The Biden administration has taken aim at Chinese clean-tech imports by raising the Section 301 tariffs last throttled up by Donald Trump in 2018. The immediate impact of the move will be muted, mattering most for batteries used for stationary storage. The new 100% tariffs on electric vehicles could keep Chinese automakers at bay, though few presently export to the US. The tariffs are of no real significance when it comes to sectors like solar and steel.
- The largest tariff hike was on electric vehicles, quadrupling the import duty from 25% to 100%. For now, Chinese EV imports into the US are negligible, far behind Germany, South Korea and Japan.

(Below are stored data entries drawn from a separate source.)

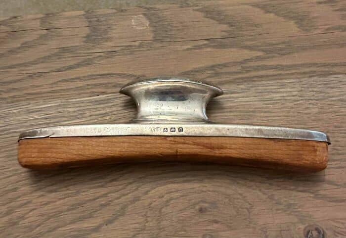 Top half silver, bottom half wood. Around 10-12 cm long, stamped with ‘S*B’, an anchor, lion and horseshoe.
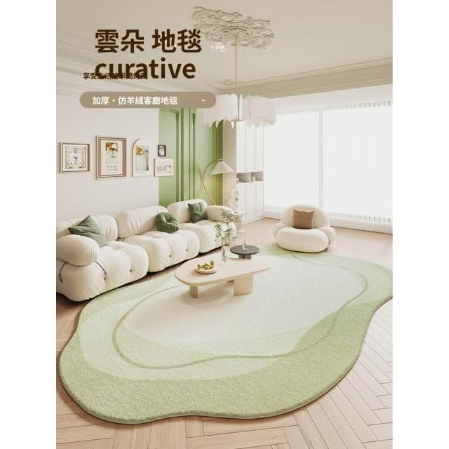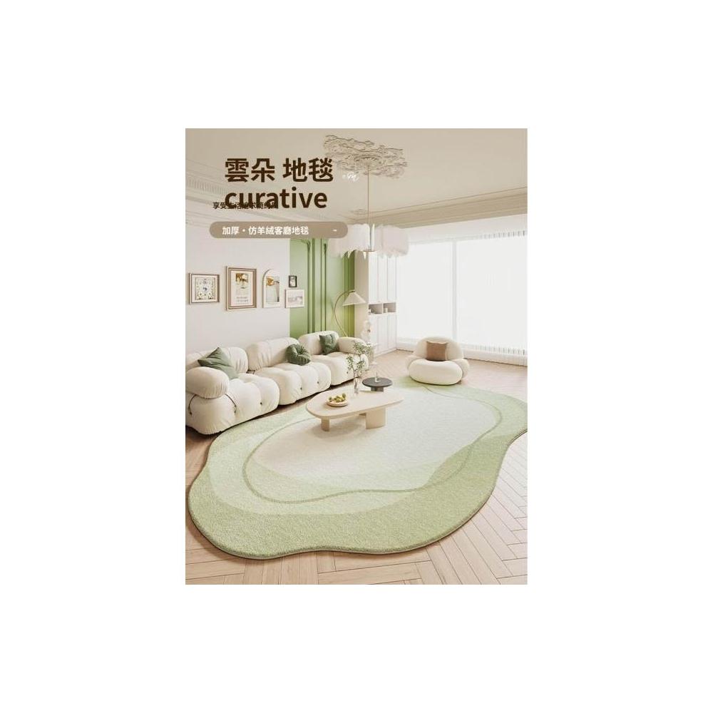 綠色地毯客廳異形家用免洗墊新款加厚仿羊絨不規則臥室床邊地墊子
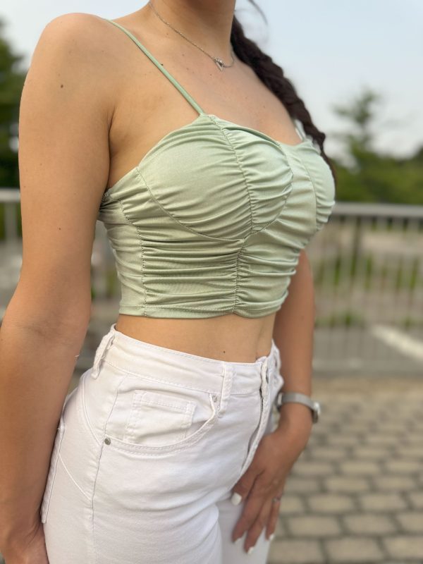 Top verde corto pancia scoperta, arricciato con push up, bretelline, elasticizzato
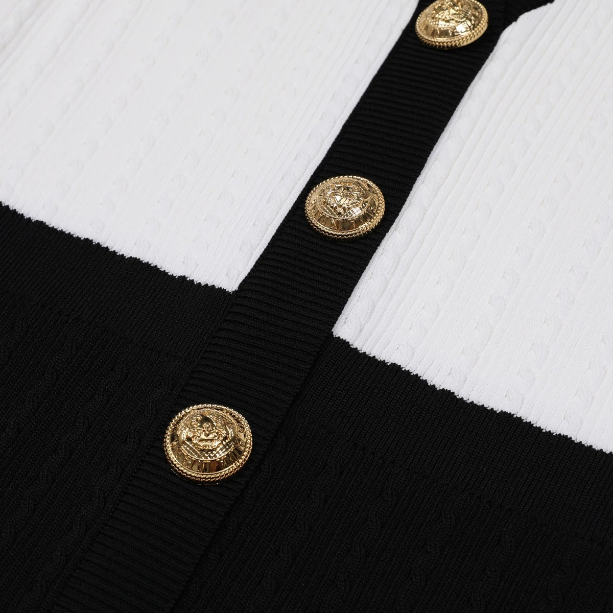 The deep V-neckline is framed with bold black trim that elongates the neckline and adds a refined contrast. Luxe gold crest buttons run down the front, creating a statement detail that elevates the entire piece with a touch of classic glamour. The fitted waist and structured knit fabric sculpt the figure beautifully, while subtle pocket accents add both charm and sophistication.
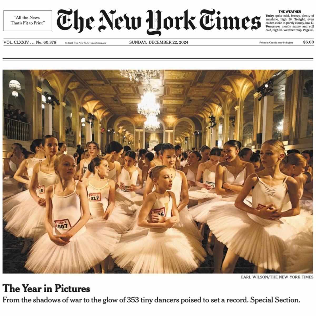 YAGP was featured on the cover of the The New York Times as part of “The Year in Pictures 2024” with a photo from one of the most memorable moments this year: YAGP Finalists setting a new Guinness World Record for the most dancers en pointe simultaneously. 353 young dancers from around the world gathered at the iconic Plaza Hotel in Manhattan during the YAGP 25th Anniversary Finals for this exciting historical moment. Click here to see the magic and hear more from the dancers themselves. | | |

The move looks preventative as the US strives to head off potential low-cost Chinese EV imports and build out its own EV manufacturing.
- For EV batteries, existing barriers facing Chinese supplies dampen the impact of these tariffs. Tariffs or no tariffs, EVs cannot qualify for the IRA’s clean vehicle tax credits if batteries or critical minerals are sourced from foreign entities of concern, a category that includes China.
- Delayed 25% tariffs targeting non-EV batteries beginning in 2026 will have an outsized impact on US stationary storage, as the segment relies on lithium-ion batteries imported from China. By 2026, domestic LFP manufacturing will still not be competitive enough to overcome differences in costs.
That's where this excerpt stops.